Bloodborne is a hand-building game—you don't have a deck you draw from, you just hold all your cards in your hand and discard them after use. One of those cards is the Hunter's Dream; when you play it, you take half damage for the round, stash all your blood echoes, collect your discards, and choose an item from the three on display. Usually you go to the dream when you're concerned about dying, because death makes you lose all your unstashed blood echoes, but it can also be beneficial to go when a strong item is available, especially if your absence will make it difficult or impossible for the other hunters to kill the current enemy.

Battling the monsters is pretty straightforward. Every card has an amount of damage that it does, an ability, or both. If the damage done amongst all hunters is enough to kill the monster, it dies. Of course, some items screw with other hunters if they use a certain type of weapon (ranged or melee), does damage to all other hunters or all hunters including yourself, or otherwise goofs with the math everyone is doing to figure out if they'll survive the fight. After all, the monster swings first, and you only have eight health at most; you need to not just survive, but survive with enough health to make it back to the Dream on a following turn, unless you have a way to not lose your blood echoes if you die.

And this is where the game starts to collapse. Bloodborne is predicated on walking the line between life and death and being good enough not to cross over, or at least not too often. Damage is done via dice rolls, which is the polar opposite of this.

Now, a bit of unpredictability is ok. Calculating the odds may not be exactly how the video game works, but it's a skill. How safely can I play this without letting my opponents back into the game? How poor are my odds if I make this risky play? Do I have to take that risk anyway because I can't win if I don't?

Bloodborne, however, amplifies this by putting faces on the dice with plus symbols. If you roll one of these faces, it does that much damage and you roll again. If a die has two faces with plus symbols, you have a one in three chance on any roll that you'll roll again. One in nine times, you'll roll three damage dice. That's potentially once per game, depending on the dice of the monsters in the deck.

In addition, each die has a zero. So if you roll a red die for a monster, you have a one in six chance of it doing no damage, and a one in nine chance of it doing almost certainly half your life in damage. Yellows are slightly less bad in terms of top end damage, but you can still take a major hit, or no hit at all. But you have no way to plan for the damage any given monster will do. That's part of what Bloodborne is about, knowing your margin for error and using it to the greatest possible extent. This game gives you none. It's very unlikely you'll take eight damage in a round, but that doesn't really matter; if you get knocked down to two from full or high health, the next round you could easily die while trying to get into the dream. And taking four to six damage is liable to happen at some point, so you either play ultra safe or get lucky, neither of which are satisfying methods of play.

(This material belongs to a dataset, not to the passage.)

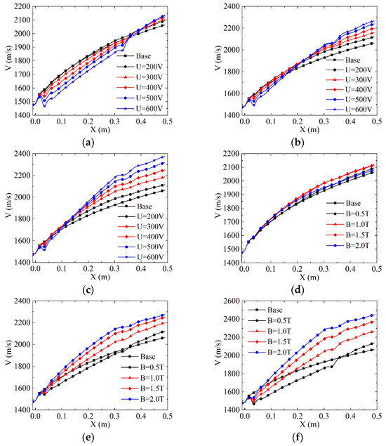 Figure 16 depicts the distribution of velocity along the center line of the channel. Under the influence of the MHD compression effect, the velocity decreases near the first pair of electrodes. This phenomenon becomes more pronounced with an increase in applied potential and a decrease in magnetic field intensity. Consequently, the gas must traverse a certain channel length, denoted as D, before achieving acceleration comparable to that without electromagnetic effect. When the magnetic field intensity is small, the value of D may exceed the entire electromagnetic region, as shown in Figure 16a. As the magnetic field intensity increases, the channel length gradually shortens, as demonstrated in Figure 16b,c, with maximum values of approximately 0.18 m and 0.1 m, respectively. When the magnetic field intensity is constant, an increase in applied potential also augments the value of D. However, the impact of external potential is considerably smaller than that of the magnetic field, particularly in cases of low magnetic field intensity. Combined with Figure 12, it becomes evident that when the applied potential is small, the Lorentz force performs negative work in the electromagnetic region with an increase in magnetic field intensity, leading to a decrease in velocity. Hence, the maximum exit velocity is observed at B = 1.0 T, while the velocity at B = 1.5 T falls between that at B = 1.0 T and B = 2.0 T in Figure 16d. With the magnetic field set at 2.0 T and the potential at 200 V, the exit velocity is 2081 m/s, representing only a 0.873% increase compared to that without electromagnetic effect. With the magnetic field at 2.0 T and the potential at 600 V, the exit velocity is 2448 m/s, which is 18.6% higher than that without electromagnetic effect.
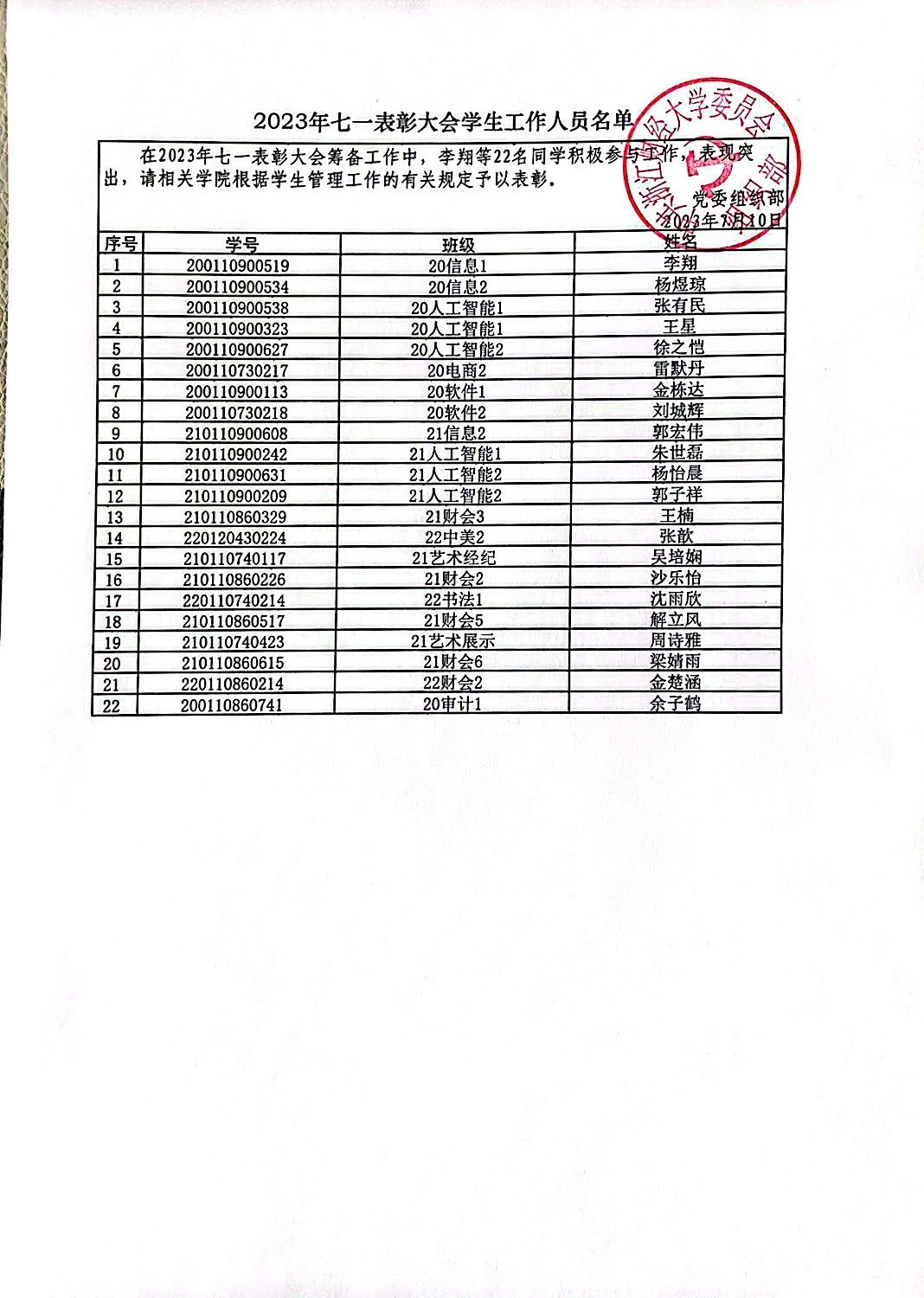 2023年6月29日,太阳成圆满完成了学校“循迹溯源学思想 砥砺奋进建新功”七一表彰大会的承办工作。期间,李翔等22名同学担任学生工作人员,扎实工作,甘于奉献,表现突出,积极协助校党委组织部和学院党委完成大会的筹备和组织工作,大会得到学校领导和师生党员的广泛好评。经校党委组织部研究决定,对上述同学进行通报表扬,以资鼓励。名单如下:

There's an expansion out called The Hunter's Nightmare. It adds many more monsters and end bosses, which are fine. You get two special abilities at the start of the game and choose one to keep; these are pretty fun. And it adds death tokens, so when you die your maximum number of each trophy type gets capped lower and lower depending on what killed you. I'm sure there are maniacs who think the game is too easy, but it's neither too easy nor too hard—you might play better than your opponents, but how much you die is highly luck dependent, so being punished for death is the worst idea possible. You can leave it out, but holy hell, what was this guy thinking?

Maybe with a more lighthearted, screw-your-neighbor theme, this game would have come off better. As Bloodborne... it doesn't give the sense of being Bloodborne at all.

Score: Two out of four umbilical cords.